● **What the task asks**
Omit all pictures and transcribe only the lines in the entries below that run from the line with "Moldura Grace Prateado" through the line with "Vous aide à".

● **Given entries**
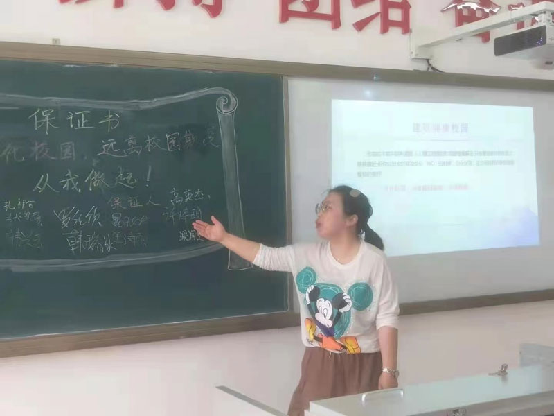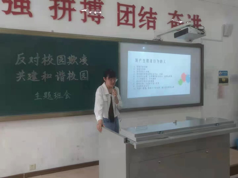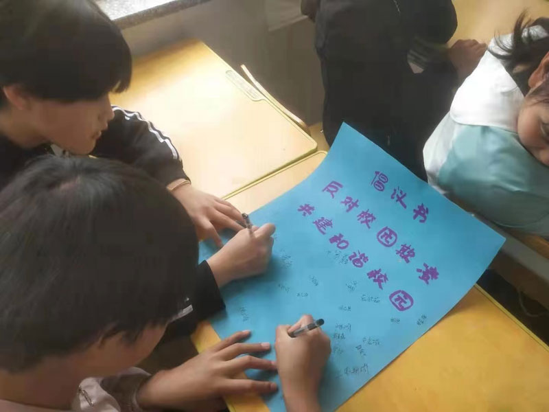 為深入貫徹落實國家、省、市關(guān)于在校園開展預(yù)防發(fā)生學(xué)生欺凌事件的相關(guān)文件精神,按照工作計劃于6月4日組織召開了“校園防欺凌”主題班會。市體育運動學(xué)校領(lǐng)導(dǎo)班子對此次主題班會高度重視,在學(xué)校工作例會上提出了4點要求:一是責成學(xué)生科要精心組織,突出主題;二是以多媒體教學(xué)設(shè)備為依托,充分利用網(wǎng)絡(luò)教學(xué)資源;三是要在全校范圍內(nèi)營造出“反校園欺凌”的濃厚氛圍;四是學(xué)校領(lǐng)導(dǎo)班子成員分頭下沉到班級,全程參加主題班會,會后要提出指導(dǎo)意見。 學(xué)校組織全體教師召開了班主任會議,分配具體任務(wù)。在全體班主任的精心籌備下,6月4日上午第四節(jié)課,召開“校園防欺凌”主題班會。在主題班會上,班主任通過講解在網(wǎng)絡(luò)上精心選取的視頻資料、新聞報導(dǎo)和法律條文等相關(guān)內(nèi)容讓學(xué)生了解了導(dǎo)致校園欺凌事件發(fā)生的不利因素、對受害學(xué)生精神和肉體的巨大傷害、惡劣的社會影響以及嚴厲的法律制裁,使全體學(xué)生深刻認識到了“校園欺凌”的危害,紛紛表示:“凈化校園、遠離校園欺凌,要從我做起?!敝黝}班會結(jié)束后,全體學(xué)生在遠離校園欺凌的“承諾書”和“倡議書”上鄭重地簽下了自己的名字。
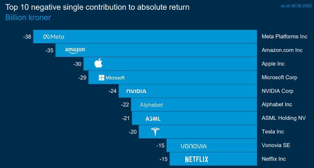 对其投资组合拖累最严重的十大个股分别是Facebook母公司Meta、亚马逊、苹果、微软、英伟达、谷歌母公司Alphabet、光刻机巨头ASML、特斯拉、德国房地产公司Vonovia 和奈飞。
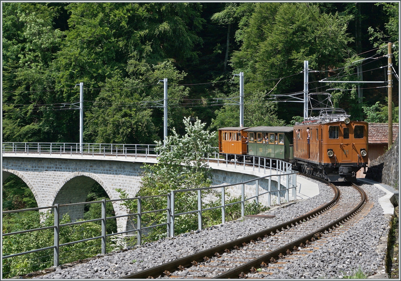 Die Blonay Chamby Bahn BB Ge 4/4 81 in Blonay bei der Abfahrt mit ihrem "Riviera Belle Epoque" Zug nach Vevey.
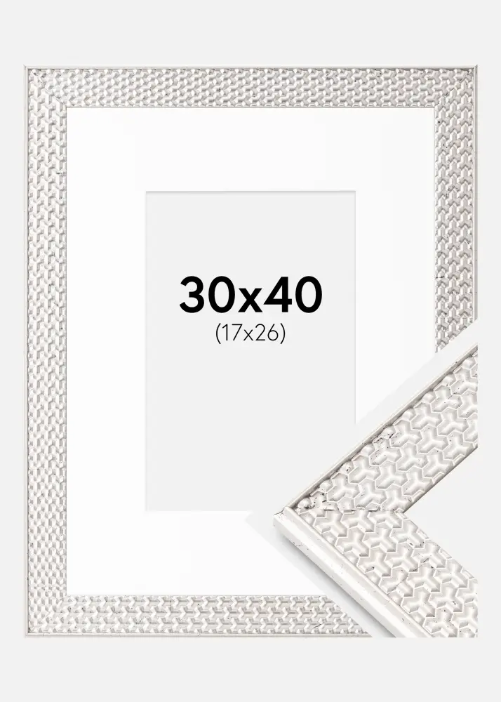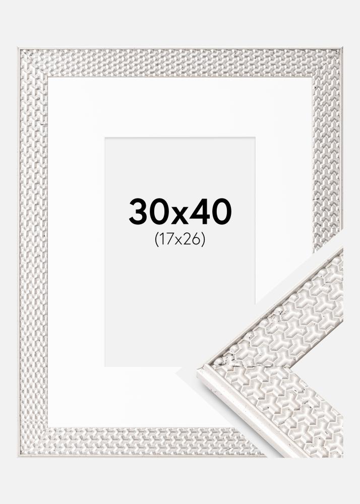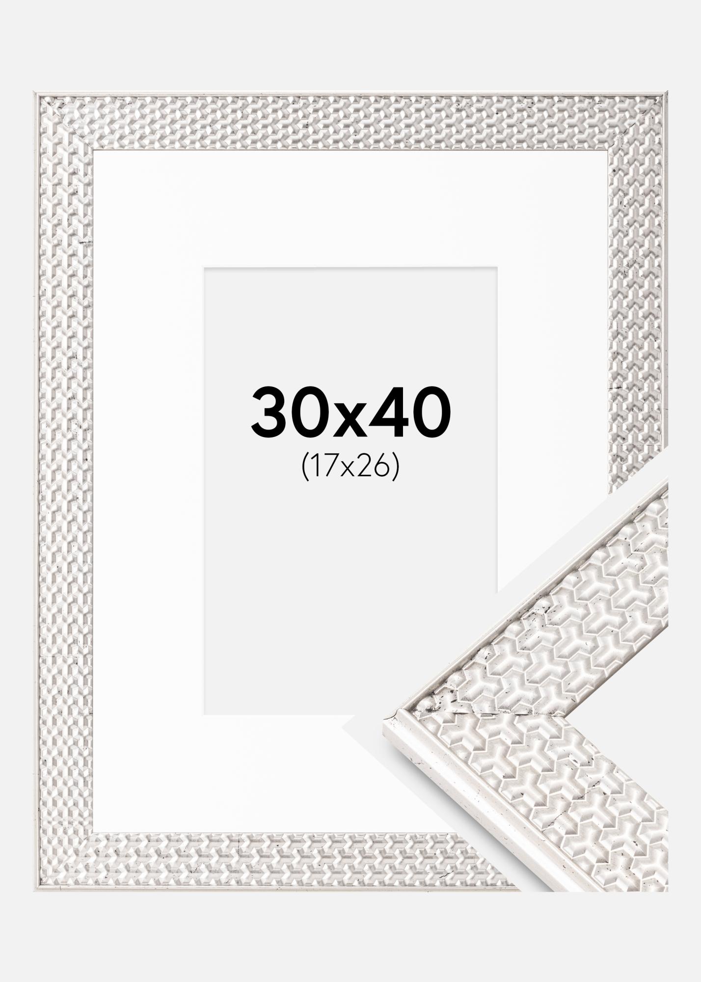 Moldura Grace Prateado 30x40 cm - Passe-partout Branco 18x27 cm
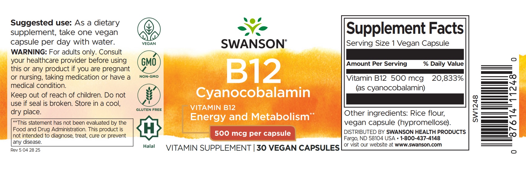 Vous aide à se sentir plus energetic. Joue un rôle clé dans la formation des globules rouges qui transportent l'oxygène vers les différentes parties du corps. Se soutient la santé cardiovasculaire par l'homocystéine neutralisant. Promouvoir l'énergie et la santé cardiovasculaire naturellement avec Swanson vitamine B-12! Cette vitamine essentielle aide à la formation des globules rouges qui fournissent l'oxygène à toutes les parties du corps, qui à son tour favorise l'énergie. Il prend également en charge la santé cardiovasculaire en travaillant avec de la vitamine B-6 et l'acide folique pour aider à neutraliser l'homocystéine nuisible. Bien adéquate B-12 l'apport est important pour tout le monde, la supplémentation peut être particulièrement utile pour certaines personnes parce que la vitamine se trouve principalement dans les aliments d'origine animale.
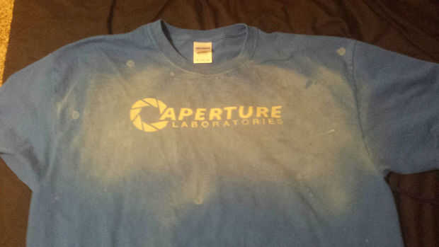Camisas no todo salen como está previsto. Por ejemplo la camisa de laboratorios Aperture anterior fue blanqueada y una pequeña porción sangró a través del papel de congelador. Comió lentamente a mí y no quiero ponerme la camiseta con este defecto pequeño, apenas visible ya. Por lo que me ocurrió la idea de que darle un fondo "splash" y que se vea natural. No sólo le agrego el fondo splash, me gustaría también probar algo que nunca había hecho hasta este punto (con buena razón, pronto llegué a encontrar). Intencionalmente deje mi dedo colgando sobre la bomba de la botella de spray, por lo que cubrió parte de la cabeza de aerosol, similar a enchufar una manguera con el dedo pulgar. Yo sabía que esto crearía gotas de lejía, pensando que distraería aún más de esta mancha apenas visible. Todavía no me gusta la camisa, pero no tiene ningún sentido llorar sobre cada error, que sólo por seguir intentándolo hasta que se quede sin torta.

● **Solution for this problem**
 Moldura Grace Prateado 30x40 cm - Passe-partout Branco 18x27 cm
 Vous aide à se sentir plus energetic. Joue un rôle clé dans la formation des globules rouges qui transportent l'oxygène vers les différentes parties du corps. Se soutient la santé cardiovasculaire par l'homocystéine neutralisant. Promouvoir l'énergie et la santé cardiovasculaire naturellement avec Swanson vitamine B-12! Cette vitamine essentielle aide à la formation des globules rouges qui fournissent l'oxygène à toutes les parties du corps, qui à son tour favorise l'énergie. Il prend également en charge la santé cardiovasculaire en travaillant avec de la vitamine B-6 et l'acide folique pour aider à neutraliser l'homocystéine nuisible. Bien adéquate B-12 l'apport est important pour tout le monde, la supplémentation peut être particulièrement utile pour certaines personnes parce que la vitamine se trouve principalement dans les aliments d'origine animale.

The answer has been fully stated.